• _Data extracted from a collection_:
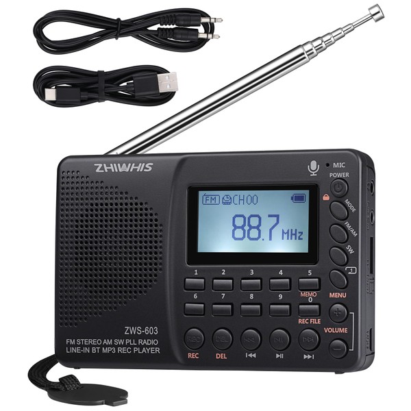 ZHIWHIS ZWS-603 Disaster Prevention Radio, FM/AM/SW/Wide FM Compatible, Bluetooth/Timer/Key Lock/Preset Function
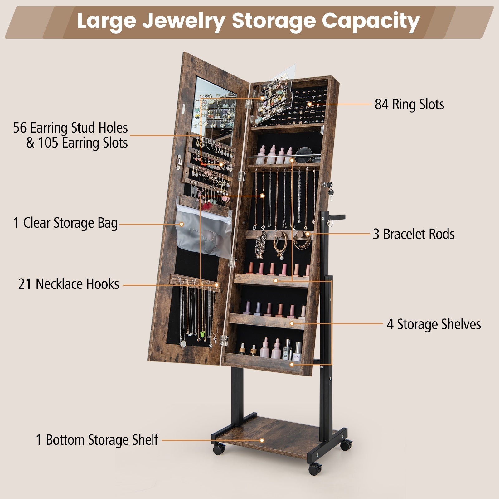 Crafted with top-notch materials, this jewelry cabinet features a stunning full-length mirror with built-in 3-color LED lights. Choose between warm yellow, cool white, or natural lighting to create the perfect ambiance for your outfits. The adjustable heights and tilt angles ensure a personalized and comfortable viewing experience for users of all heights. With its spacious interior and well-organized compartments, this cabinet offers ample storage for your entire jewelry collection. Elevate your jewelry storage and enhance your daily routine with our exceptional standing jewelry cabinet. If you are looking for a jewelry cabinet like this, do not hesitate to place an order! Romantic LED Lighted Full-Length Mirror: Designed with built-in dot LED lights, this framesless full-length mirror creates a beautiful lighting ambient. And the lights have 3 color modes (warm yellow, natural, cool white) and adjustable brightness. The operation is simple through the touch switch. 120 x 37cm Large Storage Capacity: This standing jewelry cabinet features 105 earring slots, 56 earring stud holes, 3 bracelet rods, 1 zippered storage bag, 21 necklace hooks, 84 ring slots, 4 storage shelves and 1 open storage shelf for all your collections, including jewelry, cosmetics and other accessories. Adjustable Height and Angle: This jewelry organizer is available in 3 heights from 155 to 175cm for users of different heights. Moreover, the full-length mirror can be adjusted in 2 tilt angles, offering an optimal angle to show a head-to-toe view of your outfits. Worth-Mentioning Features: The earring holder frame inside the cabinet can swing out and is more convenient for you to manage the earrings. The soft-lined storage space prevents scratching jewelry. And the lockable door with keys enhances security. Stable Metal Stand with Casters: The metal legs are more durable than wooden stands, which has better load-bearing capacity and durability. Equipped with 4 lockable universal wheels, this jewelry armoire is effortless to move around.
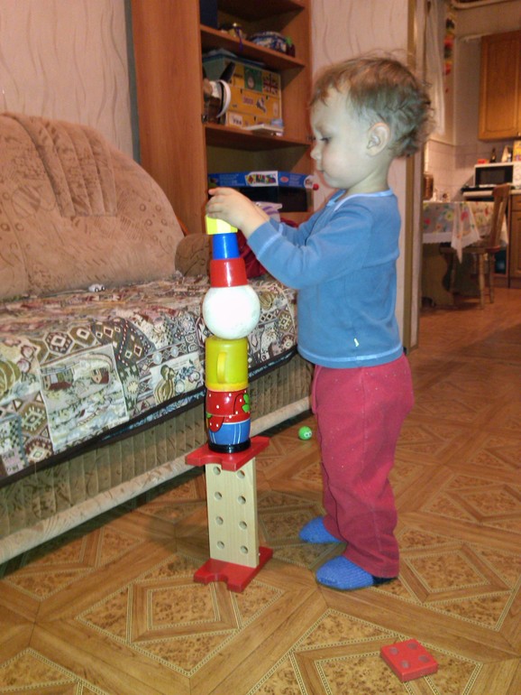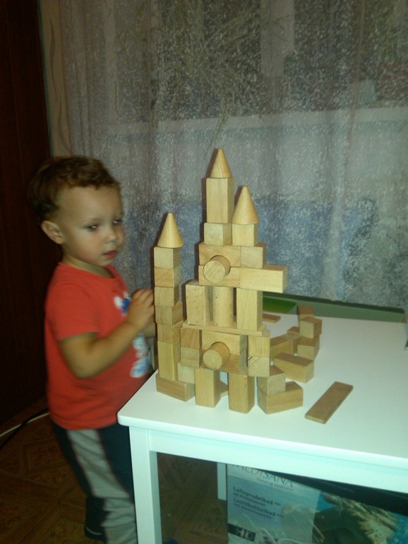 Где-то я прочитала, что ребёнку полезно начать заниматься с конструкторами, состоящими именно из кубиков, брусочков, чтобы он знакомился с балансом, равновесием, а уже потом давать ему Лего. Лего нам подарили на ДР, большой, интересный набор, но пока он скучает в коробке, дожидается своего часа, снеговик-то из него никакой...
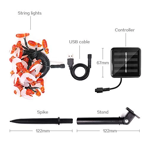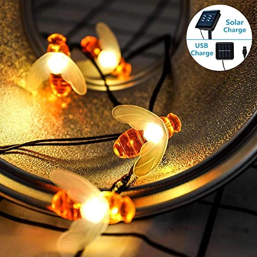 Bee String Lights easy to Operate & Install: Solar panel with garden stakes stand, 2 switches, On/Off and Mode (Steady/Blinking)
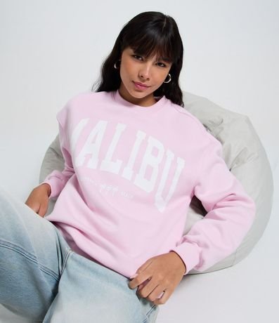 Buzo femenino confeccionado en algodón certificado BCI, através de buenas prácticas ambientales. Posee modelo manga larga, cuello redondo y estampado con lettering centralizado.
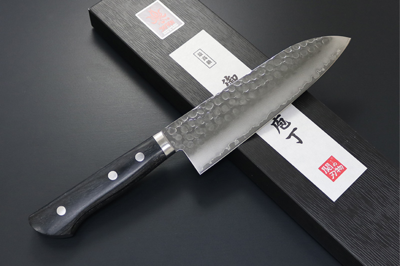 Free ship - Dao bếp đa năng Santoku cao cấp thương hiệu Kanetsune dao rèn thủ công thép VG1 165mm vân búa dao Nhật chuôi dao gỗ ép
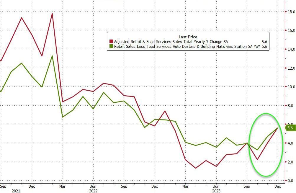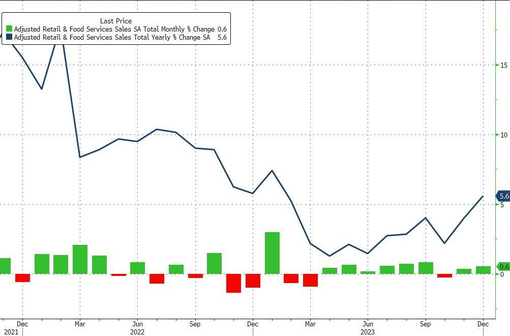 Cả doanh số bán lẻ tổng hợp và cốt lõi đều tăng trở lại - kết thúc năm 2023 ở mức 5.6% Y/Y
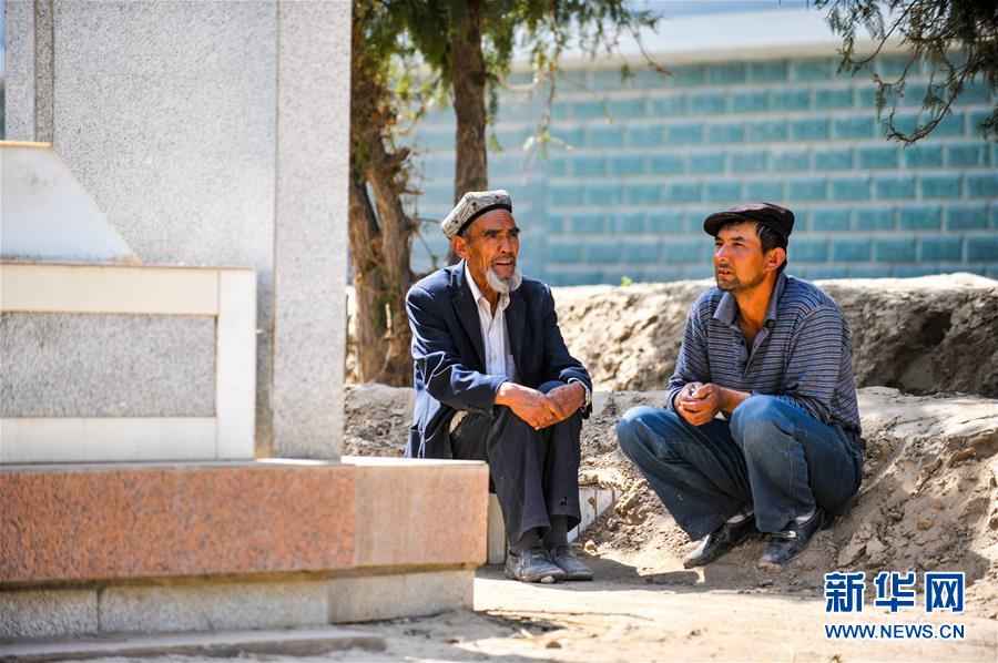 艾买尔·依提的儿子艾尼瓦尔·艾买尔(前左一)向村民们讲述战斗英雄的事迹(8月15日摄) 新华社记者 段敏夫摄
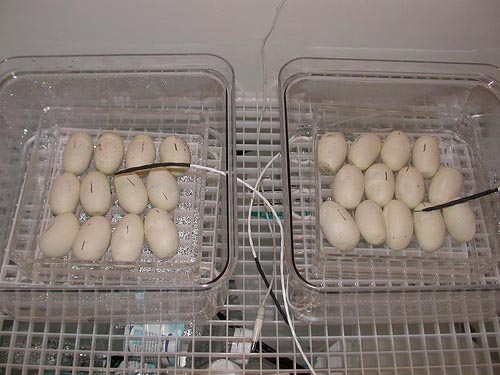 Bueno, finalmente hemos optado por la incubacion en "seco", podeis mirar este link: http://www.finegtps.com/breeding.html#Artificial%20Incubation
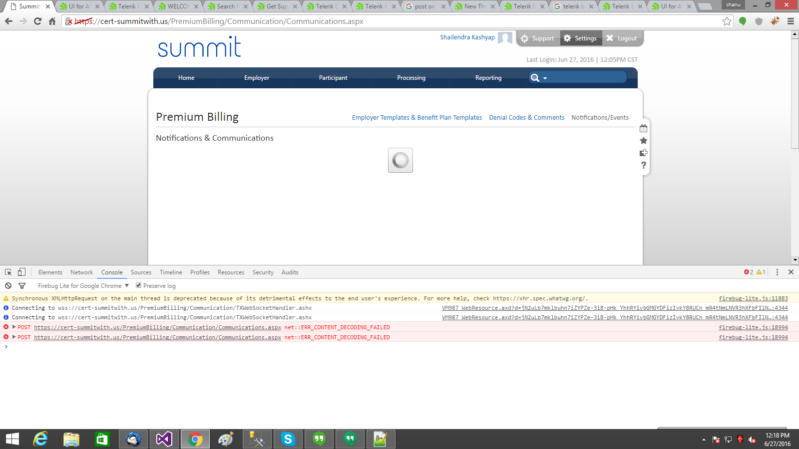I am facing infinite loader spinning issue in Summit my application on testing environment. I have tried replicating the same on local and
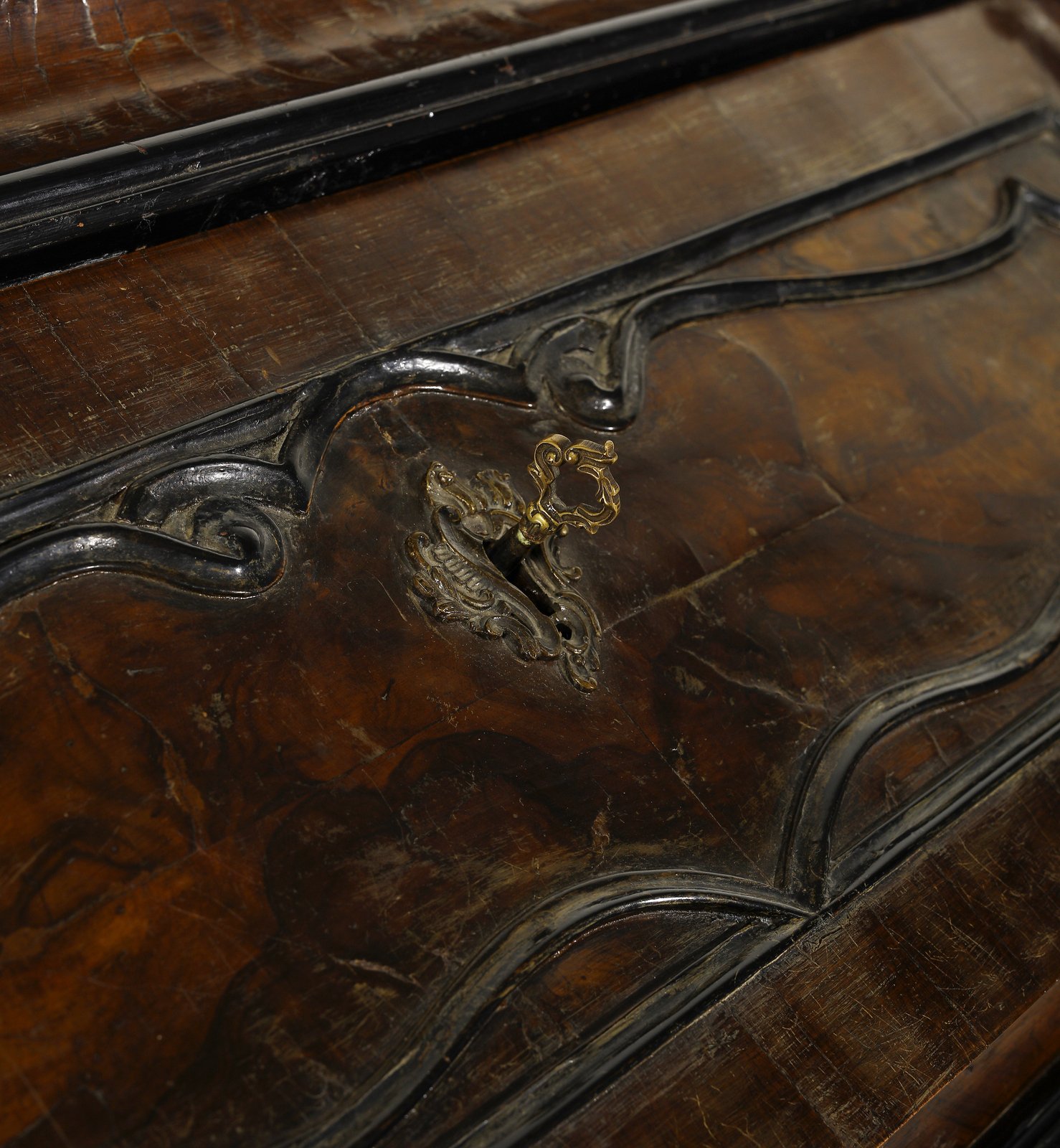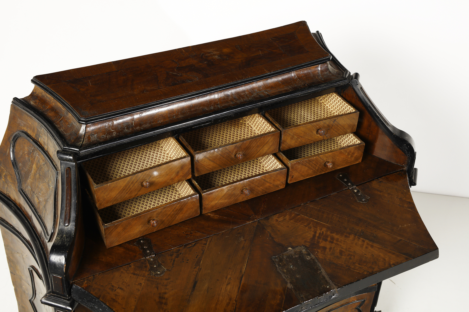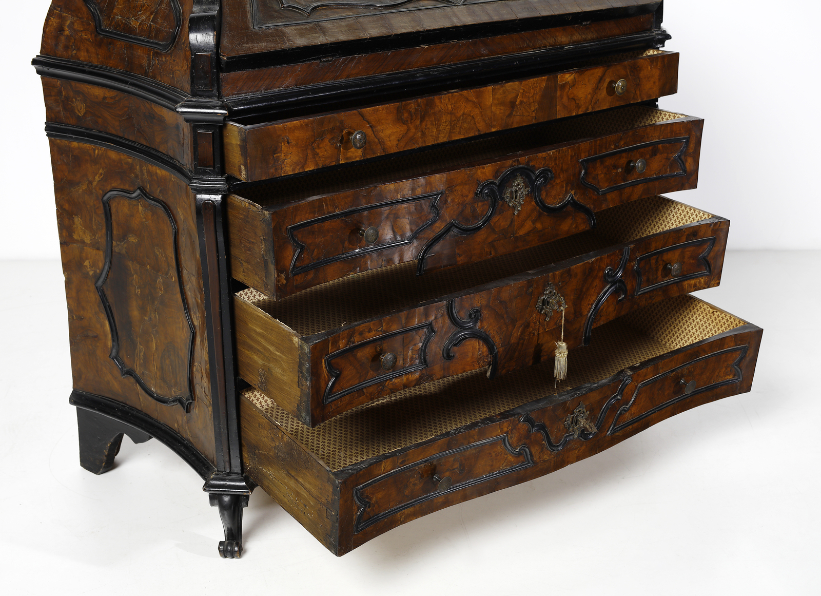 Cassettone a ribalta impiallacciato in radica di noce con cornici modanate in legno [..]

• _What this task involves_: The images are to be left out; every line above should be set down exactly.

• _Solution_:
 ZHIWHIS ZWS-603 Disaster Prevention Radio, FM/AM/SW/Wide FM Compatible, Bluetooth/Timer/Key Lock/Preset Function
 Crafted with top-notch materials, this jewelry cabinet features a stunning full-length mirror with built-in 3-color LED lights. Choose between warm yellow, cool white, or natural lighting to create the perfect ambiance for your outfits. The adjustable heights and tilt angles ensure a personalized and comfortable viewing experience for users of all heights. With its spacious interior and well-organized compartments, this cabinet offers ample storage for your entire jewelry collection. Elevate your jewelry storage and enhance your daily routine with our exceptional standing jewelry cabinet. If you are looking for a jewelry cabinet like this, do not hesitate to place an order! Romantic LED Lighted Full-Length Mirror: Designed with built-in dot LED lights, this framesless full-length mirror creates a beautiful lighting ambient. And the lights have 3 color modes (warm yellow, natural, cool white) and adjustable brightness. The operation is simple through the touch switch. 120 x 37cm Large Storage Capacity: This standing jewelry cabinet features 105 earring slots, 56 earring stud holes, 3 bracelet rods, 1 zippered storage bag, 21 necklace hooks, 84 ring slots, 4 storage shelves and 1 open storage shelf for all your collections, including jewelry, cosmetics and other accessories. Adjustable Height and Angle: This jewelry organizer is available in 3 heights from 155 to 175cm for users of different heights. Moreover, the full-length mirror can be adjusted in 2 tilt angles, offering an optimal angle to show a head-to-toe view of your outfits. Worth-Mentioning Features: The earring holder frame inside the cabinet can swing out and is more convenient for you to manage the earrings. The soft-lined storage space prevents scratching jewelry. And the lockable door with keys enhances security. Stable Metal Stand with Casters: The metal legs are more durable than wooden stands, which has better load-bearing capacity and durability. Equipped with 4 lockable universal wheels, this jewelry armoire is effortless to move around.
 Где-то я прочитала, что ребёнку полезно начать заниматься с конструкторами, состоящими именно из кубиков, брусочков, чтобы он знакомился с балансом, равновесием, а уже потом давать ему Лего. Лего нам подарили на ДР, большой, интересный набор, но пока он скучает в коробке, дожидается своего часа, снеговик-то из него никакой...
 Bee String Lights easy to Operate & Install: Solar panel with garden stakes stand, 2 switches, On/Off and Mode (Steady/Blinking)
 Buzo femenino confeccionado en algodón certificado BCI, através de buenas prácticas ambientales. Posee modelo manga larga, cuello redondo y estampado con lettering centralizado.
 Free ship - Dao bếp đa năng Santoku cao cấp thương hiệu Kanetsune dao rèn thủ công thép VG1 165mm vân búa dao Nhật chuôi dao gỗ ép
 Cả doanh số bán lẻ tổng hợp và cốt lõi đều tăng trở lại - kết thúc năm 2023 ở mức 5.6% Y/Y
 艾买尔·依提的儿子艾尼瓦尔·艾买尔(前左一)向村民们讲述战斗英雄的事迹(8月15日摄) 新华社记者 段敏夫摄
 Bueno, finalmente hemos optado por la incubacion en "seco", podeis mirar este link: http://www.finegtps.com/breeding.html#Artificial%20Incubation
I am facing infinite loader spinning issue in Summit my application on testing environment. I have tried replicating the same on local and
 Cassettone a ribalta impiallacciato in radica di noce con cornici modanate in legno [..]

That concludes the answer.